KMK hosted a live webinar on Tuesday, July 13, at 12:00 PM EDT, where they discussed the TransUnion ruling and its impact on class action litigation in more detail. To view the webinar recording please click here.  Please note: CLE credit is only available to those who attended the live webinar.


[1] 594 U.S. ___ (2021).

[2] See Spokeo, Inc. v. Robins, 578 U.S. 330 (2016).

[3] TransUnion, 594 U.S., slip op. at 4-5.

[4] Id., slip op. at 5.

[5] Id.

[6] Id.

[7] Id., slip op. at 3 (quoting 15 U.S.C. § 1681n(a)).

[8] Id., slip op. at 5.

[9] Id., slip op. at 5-6.

[10] Id., slip op. at 6.

[11] Id.

[12] Id., slip op. at 2.

[13] 570 U.S. at 340.

[14] TransUnion, 594 U.S., slip op. at 9.
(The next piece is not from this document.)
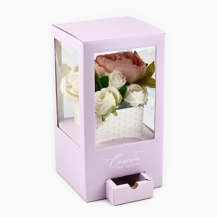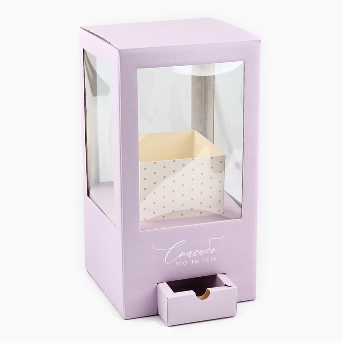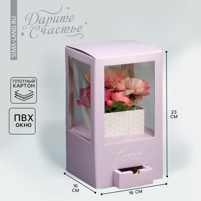 Коробка подарочная для цветов с вазой из МГК складная, упаковка, «Спасибо, что ты есть», 16 х 23 х 16 см

[15] Id., slip op. at 9-10.

[16] Id., slip op. at 10 (quoting Hagy v. Demers & Adams, 882 F.3d 616, 622 (6th Cir. 2018)).

[17] Id., slip op. at 11.

[18] Id., slip op. at 19.

[19] Id., slip op. at 25 (quoting Spokeo, 578 U.S. at 341).

[20] Id., slip op. at 9.

[21] Id., slip op. at 5-6 (Thomas, J., dissenting).

[22] Id., slip op. at 12.

[23] See Thomas B. Bennett, The Paradox of Exclusive State-Court Jurisdiction Over Federal Claims, 105 Minn. L. Rev. 1211, 1212 (2021).

[24] Id.

[25] TransUnion, 594 U.S., slip op. at 18, n.9 (Thomas, J., dissenting).